Revision as of 00:41, 7 July 2010 by Viral (Talk | contribs)
Jump to: navigation, search

The Freebase Wikipedia Extraction (WEX) is a processed dump of the English language Wikipedia. The wiki markup for each article is transformed into machine-readable XML, and common relational features such as templates, infoboxes, categories, article sections, and redirects are extracted in tabular form. Freebase WEX is provided as a set of database tables in TSV format for PostgreSQL, along with tables providing mappings between Wikipedia articles and Freebase topics, and corresponding Freebase Types.

Freebase WEX is provided free of charge for any purpose with regular updates by Metaweb Technologies. It is distributed, like Wikipedia itself, under the terms of version 1.2 of the GNU Free Documentation License or any later version published by the Free Software Foundation.

Contents

Citing

If you'd like to cite WEX in a publication, you may use:

  • Metaweb Technologies, Freebase Wikipedia Extraction (WEX), http://download.freebase.com/wex/, <month> <day>, <year>

Or as BibTeX:

 
@misc{metaweb:wex,
  title = "Freebase Wikipedia Extraction (WEX)",
  author = "Metaweb Technologies",
  howpublished = "\url{http://download.freebase.com/wex/}",
  edition = "<month> <day>, <year>",
  year = "<year>"
}

Related Work

  • DBpedia, "a community effort to extract structured information from Wikipedia and to make this information available on the Web", http://dbpedia.org/
  • Hugo Zaragoza, Jordi Atserias, Massimiliano Ciaramita and Giuseppe Attardi

(Yahoo! Research Barcelona), Semantically Annotated Snapshot of the English Wikipedia, http://www.yr-bcn.es/semanticWikipedia, 2007.

Setup

Freebase WEX data files are provided in TSV format suitable for bulk loading into PostgreSQL (version 8.3). Other database servers such as MySQL should also be suitable, but will require a different setup procedure to what is presented here, and are not currently tested (let us know if you use Freebase WEX on such a platform).
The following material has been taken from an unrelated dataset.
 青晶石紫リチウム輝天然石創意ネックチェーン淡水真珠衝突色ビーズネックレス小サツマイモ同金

The following procedure assumes you have already installed PostgreSQL, and are running a UNIX operating system such as Linux.
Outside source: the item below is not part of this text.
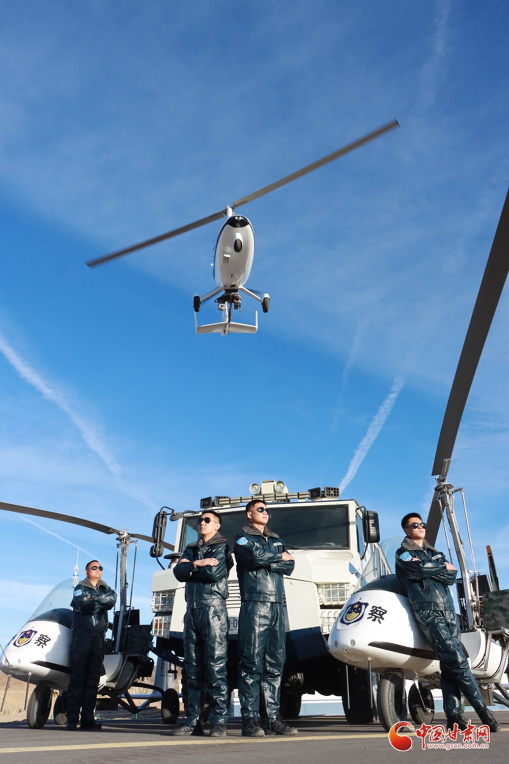 甘肅出入境邊防檢查總站酒泉邊境管理支隊利用旋翼機(jī)在馬鬃山邊境管理區(qū)戈壁荒漠地區(qū)開展空中巡防任務(wù)。該隊的成立成為甘肅出入境邊防檢查總站“科技興警、科技管邊”的一張亮麗名片,標(biāo)志著“智慧邊境、數(shù)字邊境”平安邊境體系的初步形成。“飛天警隊”是全國移民管理系統(tǒng)首支旋翼機(jī)隊成立于2020年7月,由9名民警組成,平均年齡不超過30歲。

Download the latest Freebase WEX archive:

wget http://download.freebase.com/wex/2010-06-20/freebase-wex-2010-06-20.tar

Extract the archive:

tar xvf freebase-wex-2010-06-20.tar
cd freebase-wex-2010-06-20

Contained are 9 bzip2 compressed TSV data files corresponding to each of the Freebase WEX tables:

  • freebase-wex-2010-06-20-articles.tsv.bz2
  • freebase-wex-2010-06-20-redirects.tsv.bz2
  • freebase-wex-2010-06-20-sections.tsv.bz2
  • freebase-wex-2010-06-20-template_calls.tsv.bz2
  • freebase-wex-2010-06-20-template_values.tsv.bz2
  • freebase-wex-2010-06-20-category_members.tsv.bz2
  • freebase-wex-2010-06-20-freebase_wpid.tsv.bz2
  • freebase-wex-2010-06-20-freebase_names.tsv.bz2
  • freebase-wex-2010-06-20-freebase_types.tsv.bz2

And 6 files to facilitate the setup procedure:

  • readme.html (this document)
  • wexsetup.py
  • tables.sql
  • constraints.sql
  • indexes.sql
  • checksum.md5

Decompress the TSV files:

bunzip2 --show-progress *.tsv.bz2

Verify the MD5 checksum of the TSV files:

md5sum --check checksum.md5

The included wexsetup.py Python script will generate a SQL script to load and optimize Freebase WEX to a PostgreSQL server. By default, this script will look for TSV files in the current working directory, and will load to the public schema of the selected database. Use the xml option to take advantage of the new XML parsing features introduced in PostgreSQL 8.3:

usage: wexsetup.py [options]

options:
  -h, --help       show this help message and exit
  --schema=SCHEMA  PostgreSQL schema [public]
  --path=PATH      path to WEX TSV files [.]
  --xml            use the 'xml' datatype introduced in PostgreSQL 8.3 instead
                   of 'text' for XML content

Note that the Freebase WEX TSV files must be present on the same filesystem as the database server, since they will be loaded with the PostgreSQL COPY command, designed for bulk importing from local files. Save the output of this script to a file:

./wexsetup.py > wexsetup.sql

The output of this script will initialize the database schema, COPY all data, build constraints and indexes, and ANALYZE all tables. If you need to modify this procedure in any way (for instance, to skip the loading of unwanted tables), edit this output file accordingly.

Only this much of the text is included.